Wine is the ex-boyfriend I will never get over. My first love if I may be so bold. I met him when I was barely 18. I was old enough to want to get to know him and to prove to myself that I had progressed from the cocktails and ciders of my underage drinking youth. But, I was young enough to ignore all his flaws and too stubborn to admit it.

He was sweet. Sickly sweet. He made me giddy and reckless, and to be honest he always left me with a headache. Blushed and looking at him with rose-tinted glasses I was blissfully happy. We only met out in clubs and bars where the atmosphere was frivolous and care-free. It was a tumultuous relationship. Each time I woke up with a pounding headache and skin littered with blemishes from the sugar, and I swore it would be the last. But how could I write off the fun times I had had? For every morning plagued with hangovers, was a night filled with happy stories and memories that made my heart swell.

But alas, it was a love that could not survive the test of time. After one too many headaches, disapproval from my family and the promise of something new I broke off all ties.

As with any break up the time that followed was filled with ups and downs. The “ups” consisted of the excitement of new wines – why not try a fruity Sauvignon blanc, a flirty Chardonnay or… maybe even the bold and robust Cabernet Sauvignon rumoured to steal everyone’s heart. But with any great love story there was the inevitable “down”, the retreat. A late night out in town and I found myself with a glass of a sickly impersonation of the wine I once loved.

Except, it doesn’t taste quite as good anymore. Sure the memories are there and I can appreciate it for what it once meant to me. But we have both moved on. The sugary affront does not agree with me and I insult him disguising his flaws with ice and mixers. He remains the fun easy-going wine to be drunk by those not looking for commitment. They have come to experience wine without the work that is required to go into a mature relationship. I, however, have moved onto wines which I can introduce to my parents, I can eat meals with them and can take them to celebrations with friends.

With this knowledge I was inspired to try even newer and bolder wines. With my friends encouraging me and my peers guiding me I stumbled across my first grassy Sauvignon blanc. A summer love affair. A transitional wine as I refer to it now. It helped me move past my alliance to the sweet rosés. But winter came too quickly and I had to progress to richer red wines. Full of body, young fruits and the hint of mocha chocolate, they kept me warm at night. Once again I was drunk and rosy cheeked with infatuation. But something was still off. These wines lacked the depth and balance I was looking for.

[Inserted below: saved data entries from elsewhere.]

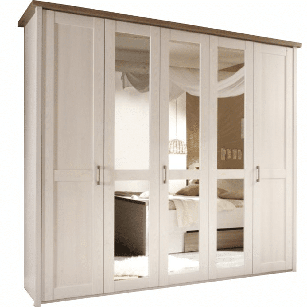 Skriňa 5-dverová so zrkadlom, policová a vešiaková časť LUMERA.
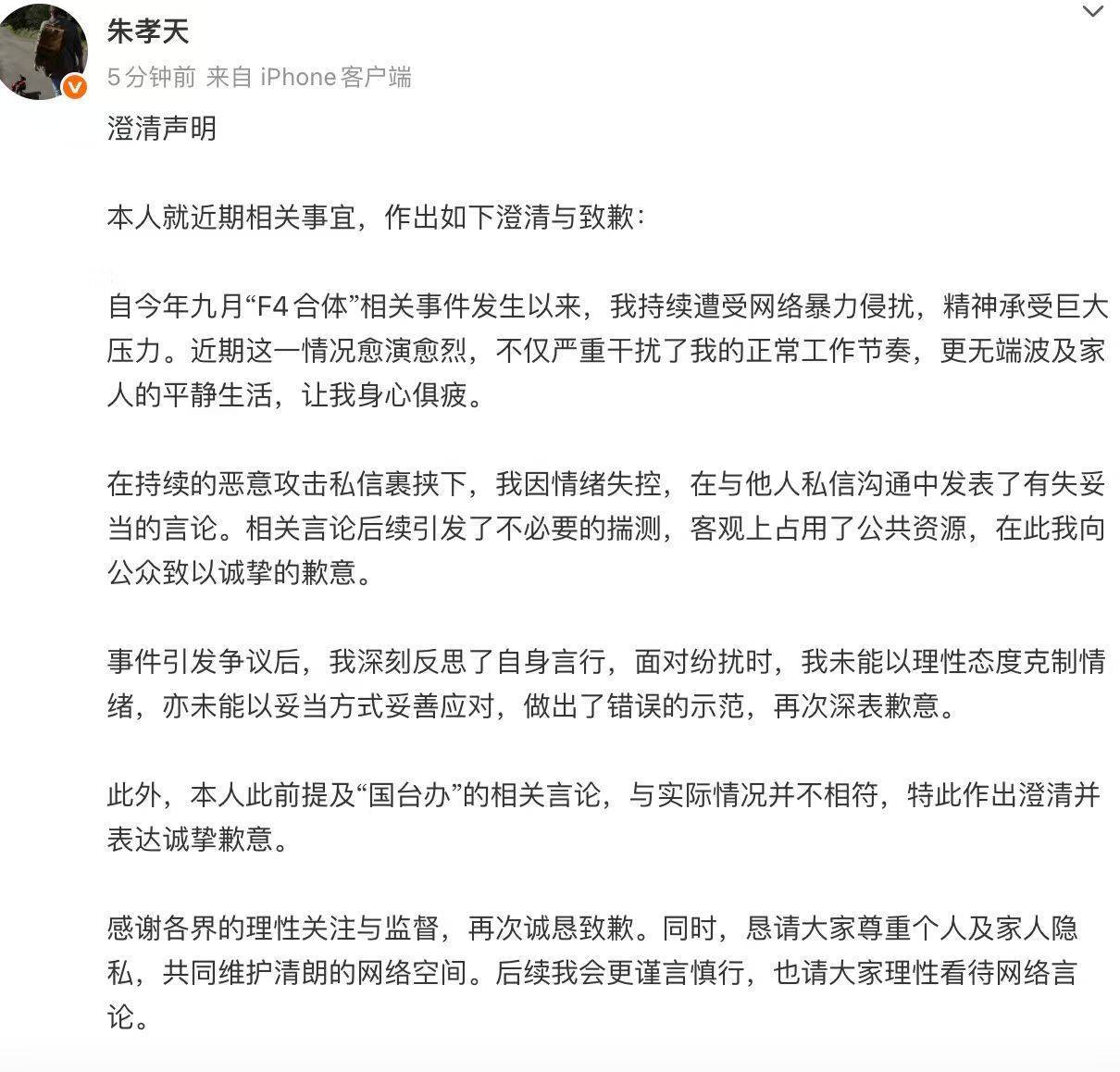 本人就近期相关事宜,作出如下澄清与致歉:自今年九月“F4合体”相关事件发生以来,我持续遭受网络暴力侵扰,精神承受巨大压力。近期这一情况愈演愈烈,不仅严重干扰了我的正常工作节奏,更无端波及家人的平静生活,让我身心俱疲。在持续的恶意攻击私信裹挟下,我因情绪失控,在与他人私信沟通中发表了有失妥当的言论。相关言论后续引发了不必要的揣测,客观上占用了公共资源,在此我向公众致以诚挚的歉意。事件引发争议后,我深刻反思了自身言行,面对纷扰时,我未能以理性态度克制情绪,亦未能以妥当方式妥善应对,做出了错误的示范,再次深表歉意。此外,本人此前提及“国台办”的相关言论,与实际情况并不相符,特此作出澄清并表达诚挚歉意。感谢各界的理性关注与监督,再次诚恳致歉。同时,恳请大家尊重个人及家人隐私,共同维护清朗的网络空间。后续我会更谨言慎行,也请大家理性看待网络言论。
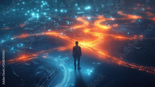 crossroads of multiple glowing paths, choosing the best direction for growth
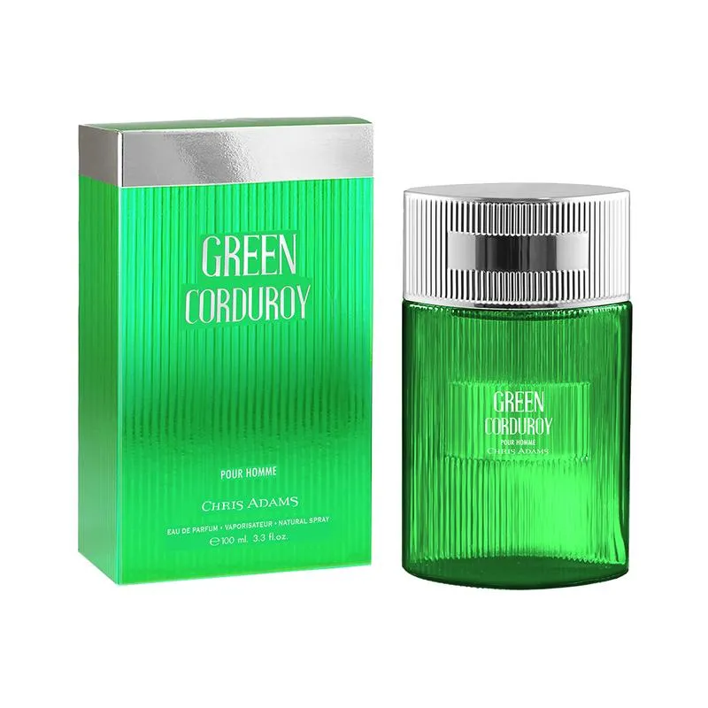 Green Corduroy Is A Fresh Woody Masculine Fragrance With Hints Of Fruity And Floral Notes. Top Notes Of Apple And Raspberry Fruit Notes Are Enriched With Heart Notes Of Lavender, Jasmine, And Heliotrope. A Base Of Ambergris And Creamy Sandalwood Gives The Scent Its Signature Warmth While Patchouli Leaves It Dry And Woody. The Scent Is Held In A Green-Toned Bottle With A Silver Coated Crown, Enclosed In A Green-Hued Paper Box With Silver Accents.
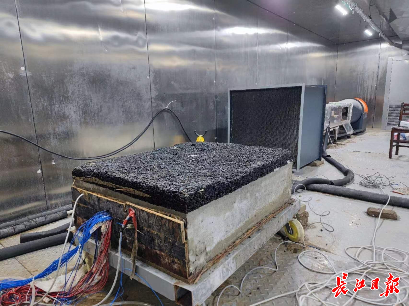 在湖北工业大学湖北省融雪化冰工程科技成果转化中试基地,记者看到,这项技术由监控系统、加热系统和电源系统三个部分组成。通过在路桥表面一定深度内铺设自主研发的高强度、高热转化效率的碳纤维发热模块,当遇到冰雪天气时启动电源,模块发热后就可融化路面冰雪。
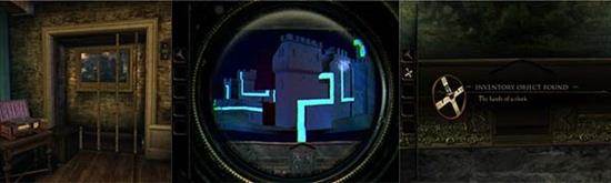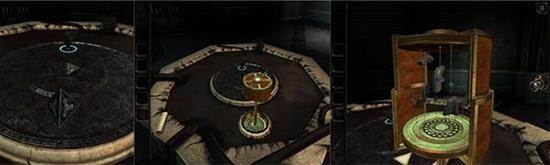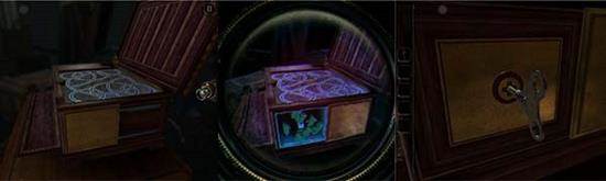 回到下面的房间,通过透视镜看这幅画,将光点走至终点,拿到表盘。

So again I had to grow. I stumbled from these entry-level wines and learnt to look deeper. I stopped taking a wine for its label and fancy descriptions. I got to know them for who they were and what they had been through. I discovered the bolder wines, wines which have aged and matured. They are not dominated by fruity flirtations or cool, but somewhat overwrought, oak-y personalities. These wines have been developed and hid more beneath the surface. The subtleties are often missed and they are appreciated by few.

By now my heart no longer belongs to just one. I have pledged allegiance to Bordeaux blends, but I could never say farewell to my flamboyant champagne, nor could I turn away a sneaky Sauvignon or even some dominating Cabernet. I am committed to Chenin but I could never stray from Syrah. And my heart longs for Riesling but I can be persuaded with a Pinotage.

I am older and wiser. I have learnt what I do not like and what I do, the body, the character, the aftertaste. I have developed along with the wines, together we grow and mature. But in every new, complex wine I endeavour there will always be the faint memory of where I started. And sure enough, the next day the headache will return. Just as it always did when I was young and 18 and drunk off my first wine.